June 20, 2020

Amazing Noctilucent Clouds

One of the most extraordinary and beautiful sights this time of year are the delicate noctilucent clouds that can appear after sunset and before sunrise.

Take a look at a video made by Greg Johnson of Skunk Bay weather showing the celestial show yesterday morning:

Noctilucent clouds are the highest visible clouds, located around 50 miles above the earth surface. Such clouds form when moisture is deposited on dust in the upper atmosphere, generally from meteoritic dust.  Major volcanic ejections can also supply the small particles.
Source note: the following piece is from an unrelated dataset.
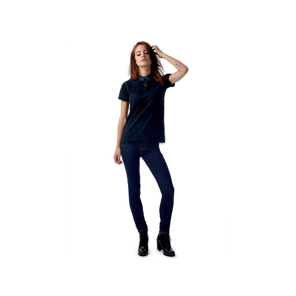 - Fente latérale avec bande de propreté en denim et surpiqûres contrastées.

These cloud form in the layer of the atmosphere called the mesophere, where the temperatures are the coldest in the atmosphere.  Specifically, we are talking about temperatures below approximately -185F.   Midsummer is favored because paradoxically that is when the mesosphere is coldest.

NASA even has a satellite (AIM) dedicated to seeing these clouds, as illustrated by an example from June 13th below:

The first report of noctilucent clouds was in 1885 and a number of studies suggest that such clouds are getting more frequent.  
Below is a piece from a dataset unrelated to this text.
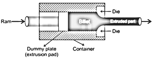 | 36 | The process of pushing the heated billet or slug of metal through an die orifice, thus forming an elongated part of a uniform cross-section corresponding to the shape of the die orifice is known as ____________ | Drawing process | Rolling process | Â Machining process | Extrusion process | d |  In the extrusion process, a heated billet or slug of metal is forced through a die orifice, thus forming an elongated part of a uniform cross-section corresponding to the shape of the die orifice. The rolling process, on the other hand, involves passing a billet or slab of metal between two rollers to reduce its thickness and increase its length. The drawing process involves pulling a billet or bar of metal through a die to reduce its diameter and increase its length. The drawing process involves pulling a billet or bar of metal through a die to reduce its diameter and increase its length. The machining process involves removing material from a workpiece to create the desired shape and dimensions. Squeezing toothpaste from a tube is a familiar example of extrusion. In extrusion billet experiences compressive stress. Various factors on which an extrusion process depends are die design, extrusion ratio, billet temperature, lubrication, extrusion speed, and metal properties. Among these, the most important factor is metal property. For successful extrusion to happen the metal should be plastic. | Comments | Active | |

Human's may well have contributed to this increase.  But how?  

It appears that increasing human emission of methane (CH4) into the atmosphere (see below) may be the major cause, with methane breaking down in the upper atmosphere into several components, including water vapor.  More water vapor leads to enhanced ice cloud formation in upper atmosphere.
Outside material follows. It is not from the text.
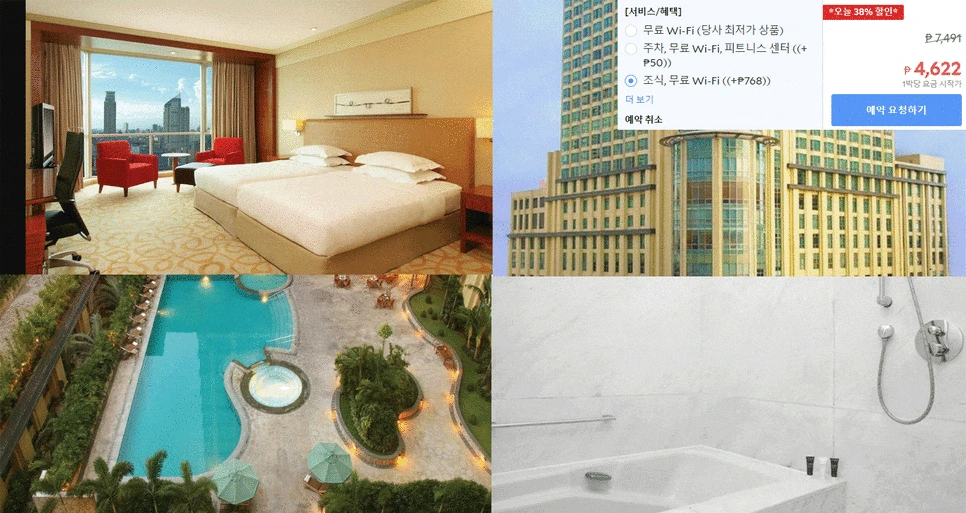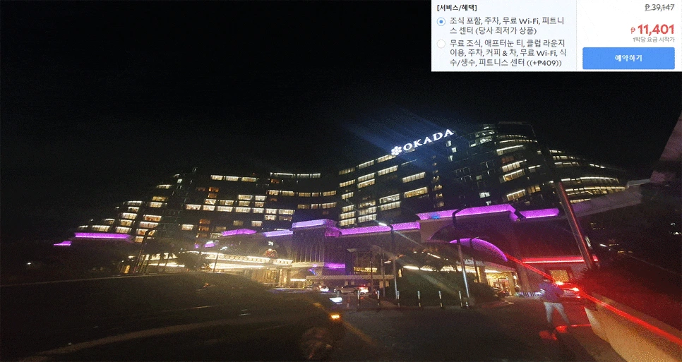조식 포함한 1박 가격 차이 11,401 - 4,622 = 6,799 PHP => 약 16만 원

Another example of the profound effects of human activities on the environment.


  1. Another weather feature I have observed explained. Thanks. Off topic: Is anyone else having trouble accessing the Zone forecast page. I am now getting a "Forbidden you don't have permission to access this resource" response.

  2. Strongly question the graph showing hockey-stick style increases in atmospheric methane since the year 1000! How was it measured for the past 1000 years?

    1. Ice cores from polar regions.

    2. Maybe an assumed level based on pre-Industrial Revolution situation?

  3. I don't suppose this is related to the massive dust cloud coming from the Sahara since that shouldn't have reached the west by now, but I wonder if any of the particles in the mesosphere might be related.


  4. That's fascinating. Thanks! Note that according to most research, a great deal of methane in the atmosphere originates in wetlands (rotting vegetation).

  5. Thank you for sharing the beautiful video! Noctilucent cloud location in the mesosphere seems so far away. Are these true clouds? They seem alien, little understood. (Your blog sent me all over the internet.) Maybe God just likes messing with us.

  6. Cliff,

    Beautiful--I always like Skunk Bay videos. Happy Father's Day!